Gross profit for the quarter ended March 31, 2014 was $12.1 million, an increase of $1.7 million, or 16%, compared to gross profit of $10.4 million for the quarter ended March 31, 2013. Gross profit, as a percentage of revenues, represented 70% and 71% for the three months ended March 31, 2014 and 2013, respectively. Without the aforementioned opportunistic pump sale, gross profit for the current period would have been 74%.

During the first quarter of 2014, we reassessed the estimated useful life of certain property and equipment. As a result, the estimated useful life of our medical equipment was changed from five to seven years due to the determination that we were using these assets longer than originally anticipated. A major factor in this change was the servicing of such equipment by our Kansas facility, which was acquired in 2010. As a result, disposal of such equipment has decreased significantly since that acquisition.

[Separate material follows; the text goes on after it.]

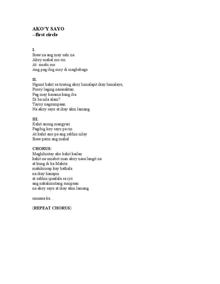 Akoy sayo at ikaw sa akin. Akoy Sayo Ikay Akin Lyrics. First Circle akoy sayo at ikay akin lamang lyrics. Akoy Sayo Ikay Akin Lyrics.

The change in the estimated useful lives of our pump equipment was accounted for as a change in accounting estimate, on a prospective basis, effective January 1, 2014. The change in estimated useful lives resulted in $0.5 million less depreciation expense for the quarter ended March 31, 2014 than otherwise would have been recorded. As a result, cost of revenues in the current period is $0.5 million less than the same prior year period.

Provision for Doubtful Accounts

Provision for doubtful accounts for the quarter ended March 31, 2014 was $2.1 million, an increase of $0.4 million, or 27%, compared to $1.7 million for the quarter ended March 31, 2013. The provision for doubtful accounts was 12% of revenues at March 31, 2014 compared to 11% for the same period in the prior year. A large part of the Company’s provision for doubtful accounts can be attributed to a major group of third party payors that revised their claim processing guidelines at the end of 2012 that continues to affect all durable medical equipment (“DME”) providers. Prior to the change, DME providers submitted claims to their “home plan” and the claims were processed in-network. Since the change in guidelines, DME providers are now required to submit their claims to the payor in the state where services were initiated. If the DME provider is not a participating provider with that specific payor, the claim is treated as out-of-network and the patient will incur higher costs. Therefore, we must collect a higher portion of reimbursement directly from patients, which creates an increased collection risk. This major payor’s association selected us as a preferred provider, which will help us in securing contracts in areas currently out-of-network.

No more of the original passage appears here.